The psychiatric diagnoses suggested above are no joke. They
represent a few of the more than 350 "mental disorders"
listed in the American Psychiatric Association's (APA)
Diagnostic and Statistical Manual of Mental Disorders
(DSM-IV), the billing bible for mental disorders which
commingles neurological diseases with psychiatric diagnoses.
(Click here to see more examples of the
mental disorders listed in the DSM-IV.) Whether the
described diagnoses are real diseases or subjective
speculation, science is at the heart of the debate about
whether lawmakers will require employers and insurers to
cover mental illness on the same level as physical disease.
Advocates of the Mental Health Equitable Treatment Act of
2002 (S 543), and its sister proposal in the House (HR
4066), are seeking to expand the 1996 "mental-health parity"
legislation. It mandates employers with more than 50
employees and that offer mental-health coverage to provide
insurance benefits equal to those of standard health care,
such as surgery and physician visits.
The pending proposals would expand the 1996 legislation to
require that caps, or limitations on coverage, be the same
for mental illnesses as those provided for medical
illnesses, in the name of so-called mental-health parity.
When it comes to "mental illness" and "medical illness"
however, there is no scientific parity between the two
schools of thought. That is, only one is based in physical
science.
Proponents of mental-health parity believe, and have for the
most part successfully convinced lawmakers, that the mental
illnesses described in the DSM-IV are medical diseases. For
example, obsessive-compulsive disorder (OCD) is considered
medically equivalent to, say, measles or anemia.
But critics patiently explain that the psychiatric "mental
illness" as described in the DSM-IV is a subjective
diagnosis that lies in the eye of the beholder rather than
in proved medical science. How this issue is decided, these
critics say, likely will determine whether millions of
American families will be priced out of health insurance.
Fred Baughman, a San Diego neurologist and leading critic of
the alleged mental illness called attention-deficit/
hyperactivity disorder (ADHD) (see picture profile, Feb.
18), tells Insight the question that must be answered before
a mental illness can qualify as a disease is this: "Where is
the macroscopic, microscopic or chemical abnormality in any
living patient or at death/autopsy?"
Baughman explains: "No one is justified in saying anyone is
medically abnormal/diseased until such time as they can
adduce some such abnormality. This, by the way, would apply
to a person suspected of having diabetes or cancer."
The fact is, Baughman adds, "There is no psychiatric
diagnosis for which any part of this question can be
answered in the affirmative.

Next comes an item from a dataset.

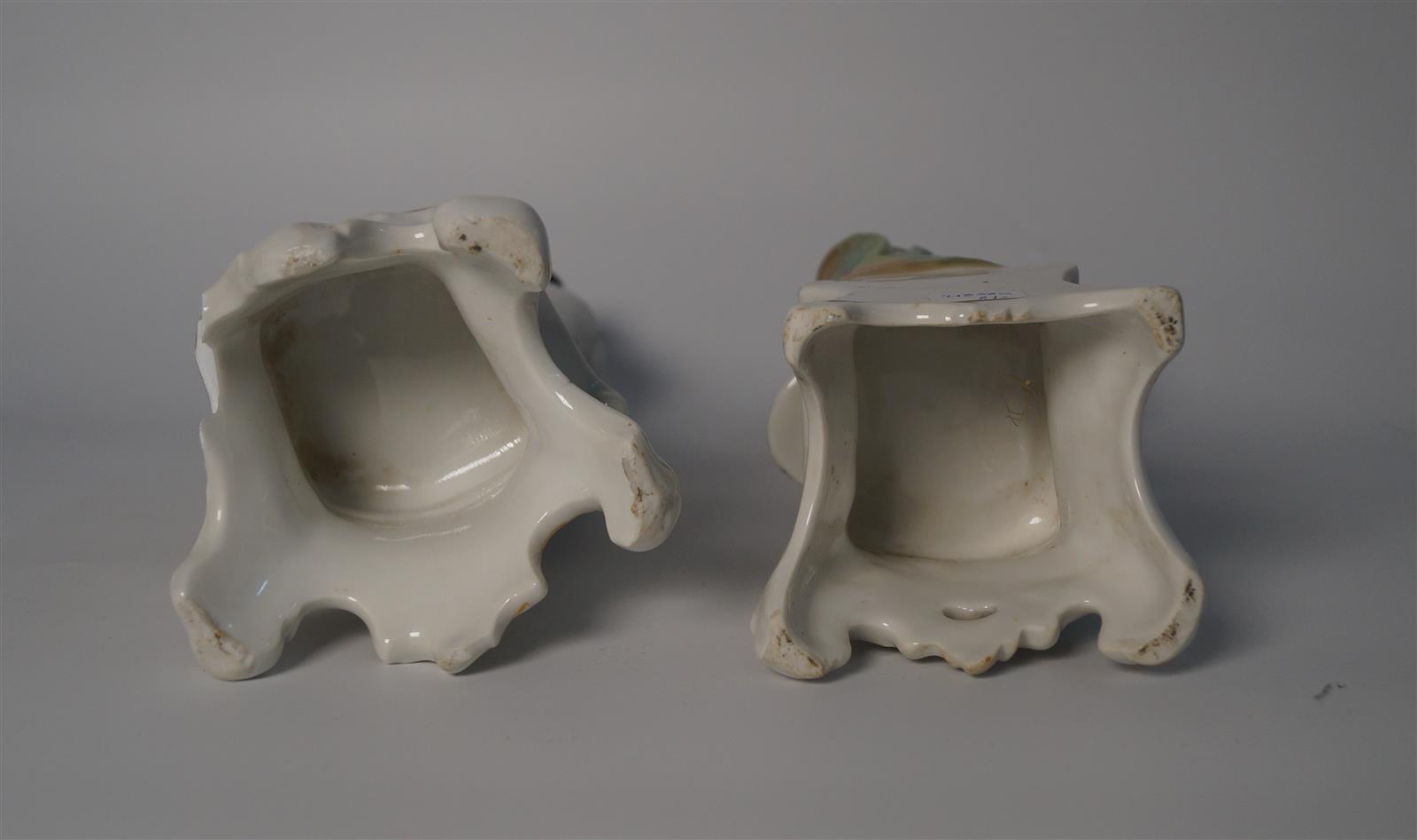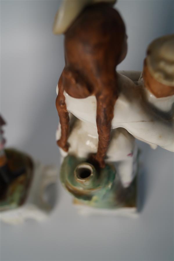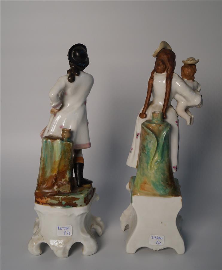 VIEUX PARIS ? : Deux statuettes pique-fleurs en porcelaine polychrome et rehauts dorés représentant un homme et une femme sur un piédestal et tenant un enfant, H. 30 et 31 cm (un piètement accidenté)

In other words: no abnormality;
no disease. There is no confirmation of abnormality in the
brain in life or at autopsy for any of the psychiatric
diagnoses. And they [in the psychiatric community] don't say
this because it's part of the propaganda campaign to make
patients out of normal people. The findings at autopsy would
be very specific and would reveal whether it is a diseased
brain and, if so, which disease it is. There is no proof in
life or at autopsy of any of the alleged psychiatric mental
illnesses, including schizophrenia, psychosis, depression,
OCD or ADHD."
Here is Baughman, an internationally respected neurologist,
denying there is any such thing as an authentic diagnosis of
psychiatric disease at precisely the same time that Congress
appears to be getting ready to mandate equal and comparable
coverage of psychiatric and medical diseases as the same
thing. Perhaps lawmakers haven't asked for the supporting
science, or perhaps it has just been withheld from them.
To try to find out which, Insight sent carefully prepared
questions about mental illness to the APA and the National
Institute of Mental Health (NIMH), the two leading advocates
of mental-health parity. Here are those questions:
How many disorders that are listed in the DSM-IV are
curable?
What documentable, confirmatory, diagnostic, physical
abnormality is found in schizophrenia, ADHD and
depression?
What confirmatory, diagnostic tests are available and
currently utilized to detect a chemical imbalance?
The APA would not respond to the questions and the NIMH,
which claimed not to get involved in policy issues, deferred
to a psychiatrist who refused to speak on the record. Both
groups did, however, suggest reviewing the 1999 Surgeon
General's Report on Mental Health, which Insight promptly
read. The report contained the remarkable statement that,
"in the United States, mental disorders collectively account
for more than 15 percent of the overall burden of disease
from all causes and slightly more than the burden associated
with all forms of cancer."
But nowhere in the surgeon general's report was there any
reference to a single confirmatory, diagnostic test that
proves any physical abnormality in any psychiatric
diagnosis. More importantly, several chapters into the
report the surgeon general admits what Baughman and other
neurologists have been saying for years: "The diagnosis of
mental disorders is often believed to be more difficult than
diagnosis of somatic or general medical disorders since
there is no definitive lesion, laboratory test or
abnormality in brain tissue that can identify the illness"
[emphasis added].
Naturally, one might assume, it would be difficult to
diagnose a mental illness if there were no confirming
physical evidence that one exists. And one might even ask
the surgeon general how he could make the statement that
"mental disorders collectively account for more than 15
percent of the overall burden of disease" when he admits
later in the report that there is no physical proof thus far
of mental disease in any of the psychiatric diagnoses.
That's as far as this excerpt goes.